The group said the World Bank estimates revealed that the AfCFTA would promote manufacturing exports over natural resources, agricultural and services exports, and that manufacturing exports would account for one-third of the projected total exports of $2.5tn by 2035.

It said, “Nigeria could reap more gains through export diversification away from crude oil, as manufacturing exports currently account for an average of nine per cent of the country’s total exports.

“This suggests that efforts should be directed at strengthening domestic value chains, particularly the agro-allied industrial base.

“To achieve this, there is a need to attract private capital, most especially, FDI, that would allow for knowledge and technological transfers.”

According to the NESG, for Nigeria to maximally benefit from the trade deal, there is an urgent need to also address transport infrastructure bottlenecks and provide improved logistics.
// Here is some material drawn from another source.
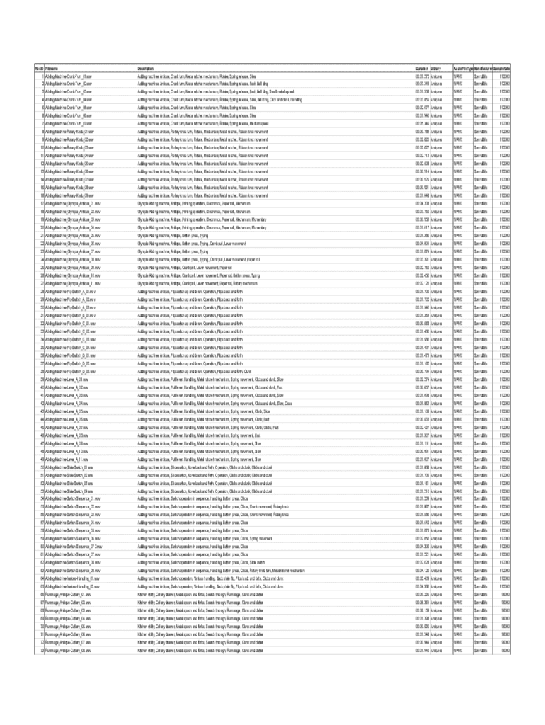 RecID FilenameLibraryAudioFileType Manufacturer SampleRateDescriptionDuration1 AddingMachineCrankTurn_01.wavAdding machine, Antique, Crank turn, Metal ratchet mechanism, Rotate, Spring release, Slow00:07.272 AntiquesWAVESoundBits1920002 AddingMachineCrankTurn_02.wavAdding machine, Antique, Crank turn, Metal ratchet mechanism, Rotate, Spring release, Fast, Bell ding00:07.349 AntiquesWAVESoundBits1920003 AddingMachineCrankTurn_03.wavAdding machine, Antique,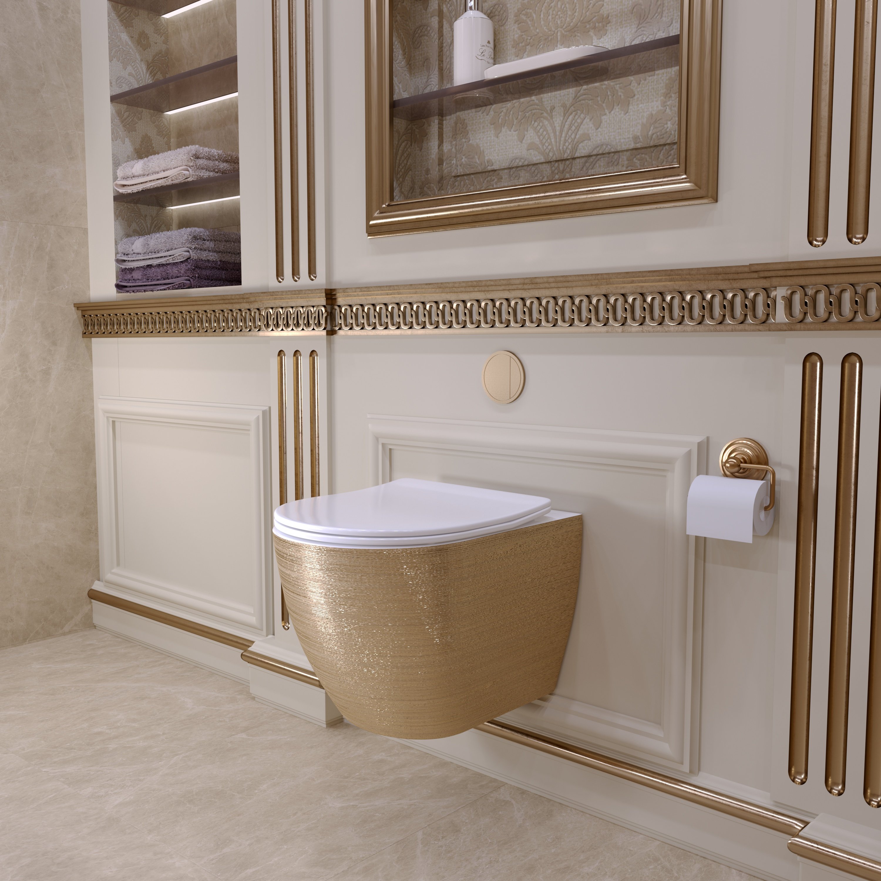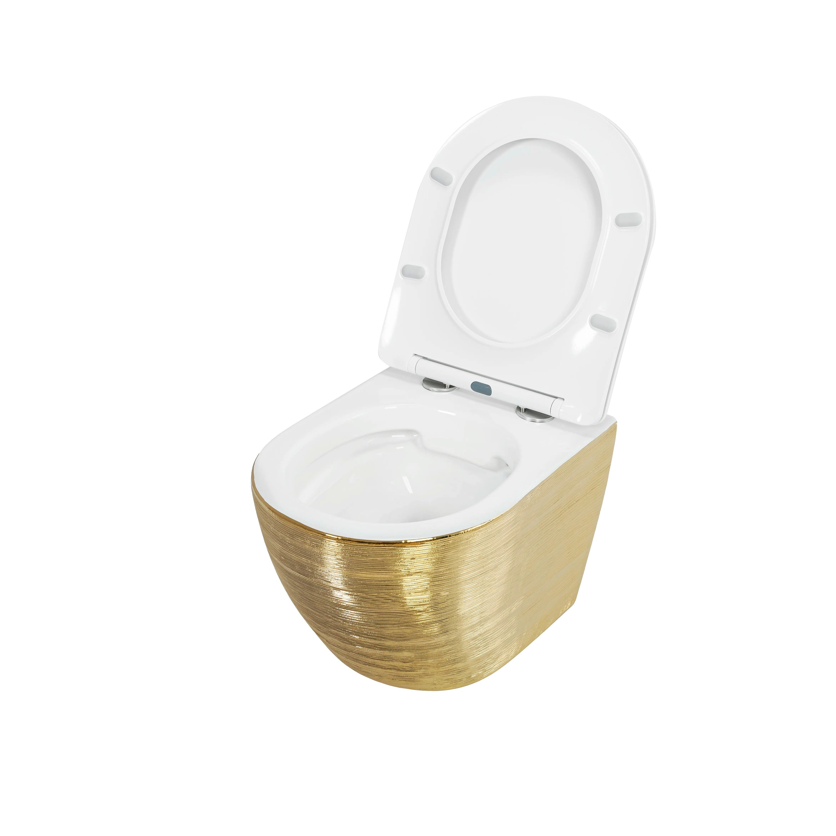 Унитаз GR-4455GWLS (480*365*370) ЗОЛОТОЙ внутри БЕЛЫЙ подвесной БЕЗОБОДКОВЫЙ с тонкой крыш GROSSMAN в г.Екатеринбург

It said, “Finding a lasting solution to the Apapa gridlock by creating similar ports in other regions of the country, so as to ensure speedy clearance of consignments needs to be prioritised.

“Nigeria also needs to set standards for locally-made goods to enhance their attractiveness in the regional market.

“The Nigerian government as a matter of urgency needs to operate an efficient and corruption-free land border system, so as to guide against the importation of low-cost sub-standard products into the country.

“It is only when these and many more reforms are implemented that Nigeria can begin to reap the benefits of the trade deal.”

The group noted that owing to the outbreak of COVID-19, the implementation of the AfCFTA was postponed from July 1, 2020 to January 1, 2021.

It said, “The key goal of the free trade pact is to expand the volume of intra-African trade, which stood at 16 per cent in 2018 .“Till date, 36 countries, including Nigeria, have ratified the agreement. The trade deal is expected to create a single market with a combined GDP of $2.5tn and total population or market size of 1.2 billion.”